> **Directions for this task**
Exactly and only the lines below from the one containing "A sleek little" down to the one containing "ManoManoGeneral description This" are wanted, both included; please exclude every picture.

> **Provided entries**

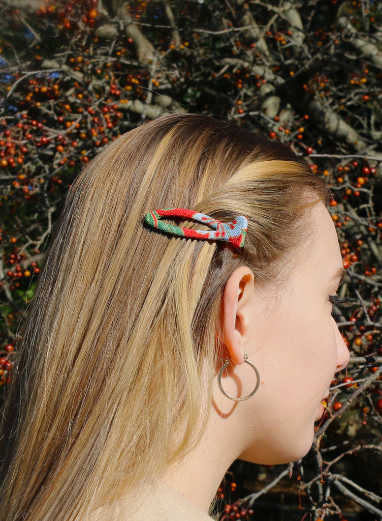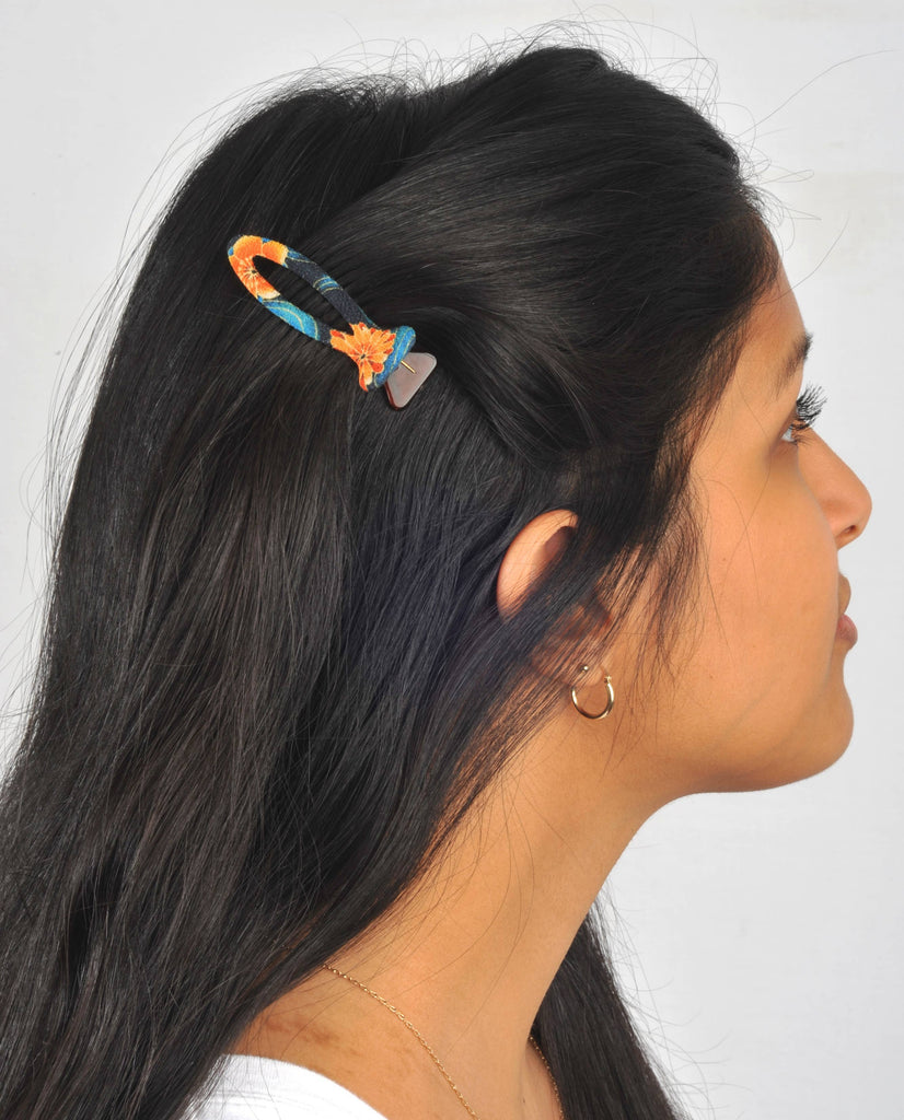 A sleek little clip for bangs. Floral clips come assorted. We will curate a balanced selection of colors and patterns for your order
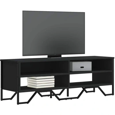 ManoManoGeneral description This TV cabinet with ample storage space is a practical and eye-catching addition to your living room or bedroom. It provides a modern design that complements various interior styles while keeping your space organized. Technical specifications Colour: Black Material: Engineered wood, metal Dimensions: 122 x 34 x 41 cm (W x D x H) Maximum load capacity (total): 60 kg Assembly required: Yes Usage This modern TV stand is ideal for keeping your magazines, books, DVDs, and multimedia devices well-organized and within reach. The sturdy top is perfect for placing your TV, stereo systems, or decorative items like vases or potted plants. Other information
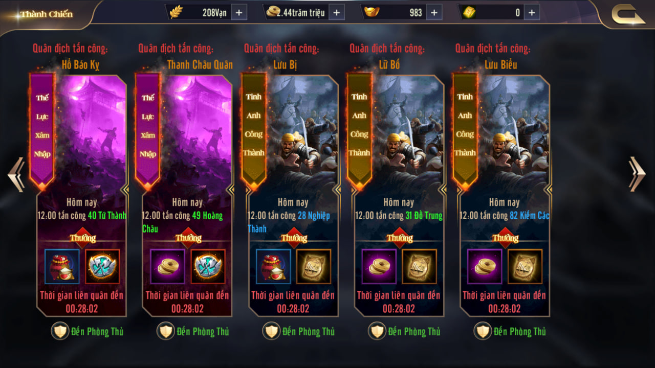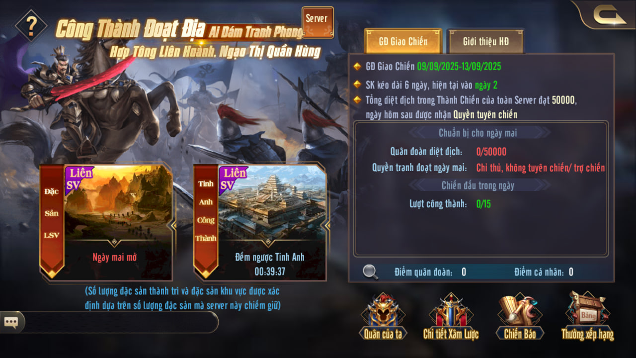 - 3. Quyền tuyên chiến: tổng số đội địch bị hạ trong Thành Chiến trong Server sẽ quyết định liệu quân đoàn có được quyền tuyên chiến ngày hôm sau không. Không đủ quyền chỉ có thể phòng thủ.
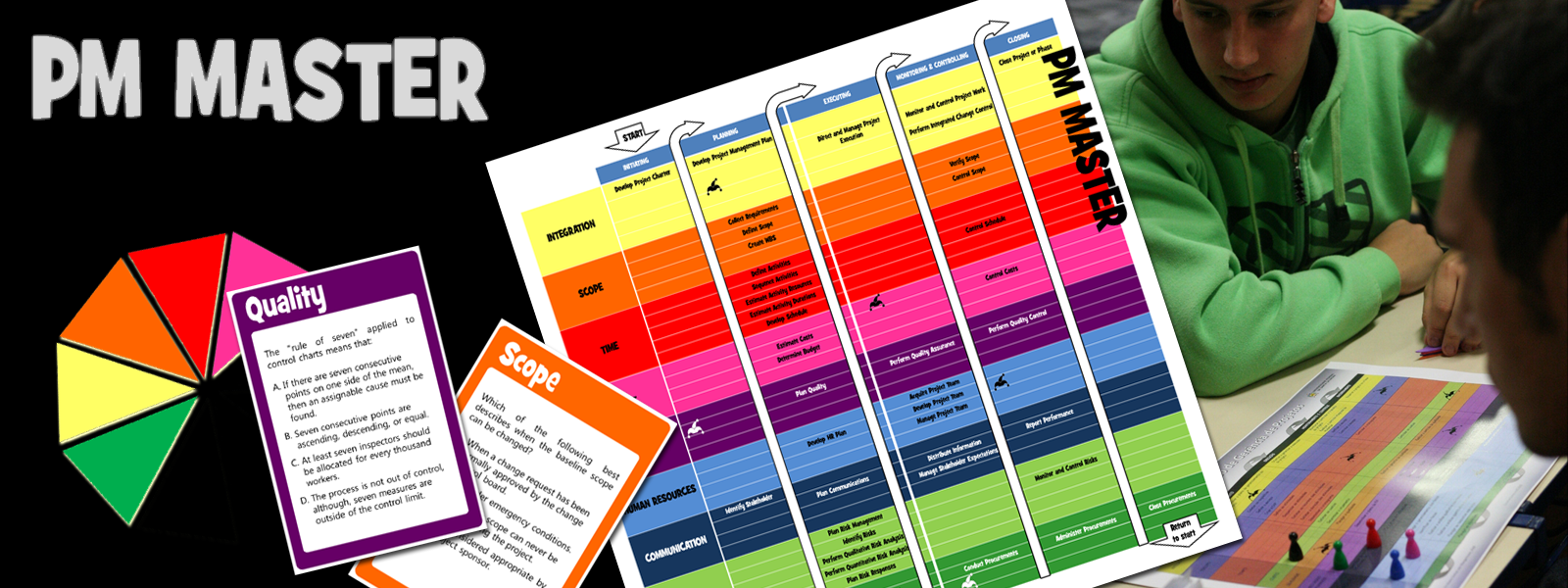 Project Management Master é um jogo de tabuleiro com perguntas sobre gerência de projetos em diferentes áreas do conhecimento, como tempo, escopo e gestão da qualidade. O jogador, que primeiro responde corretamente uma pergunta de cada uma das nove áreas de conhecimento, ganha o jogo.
---
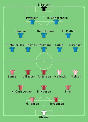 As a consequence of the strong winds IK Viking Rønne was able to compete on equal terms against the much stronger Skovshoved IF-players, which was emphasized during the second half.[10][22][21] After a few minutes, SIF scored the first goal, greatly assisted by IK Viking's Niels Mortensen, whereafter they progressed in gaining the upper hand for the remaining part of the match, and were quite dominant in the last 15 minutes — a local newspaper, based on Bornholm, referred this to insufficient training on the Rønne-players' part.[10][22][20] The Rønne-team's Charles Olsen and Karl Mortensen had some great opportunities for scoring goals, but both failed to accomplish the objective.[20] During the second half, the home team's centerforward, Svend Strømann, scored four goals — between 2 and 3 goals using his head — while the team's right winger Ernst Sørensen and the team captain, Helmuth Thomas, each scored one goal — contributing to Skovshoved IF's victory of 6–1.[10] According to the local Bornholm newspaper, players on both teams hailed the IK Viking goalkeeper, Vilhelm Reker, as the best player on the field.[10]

> **Task solution**
 A sleek little clip for bangs. Floral clips come assorted. We will curate a balanced selection of colors and patterns for your order
 ManoManoGeneral description This TV cabinet with ample storage space is a practical and eye-catching addition to your living room or bedroom. It provides a modern design that complements various interior styles while keeping your space organized. Technical specifications Colour: Black Material: Engineered wood, metal Dimensions: 122 x 34 x 41 cm (W x D x H) Maximum load capacity (total): 60 kg Assembly required: Yes Usage This modern TV stand is ideal for keeping your magazines, books, DVDs, and multimedia devices well-organized and within reach. The sturdy top is perfect for placing your TV, stereo systems, or decorative items like vases or potted plants. Other information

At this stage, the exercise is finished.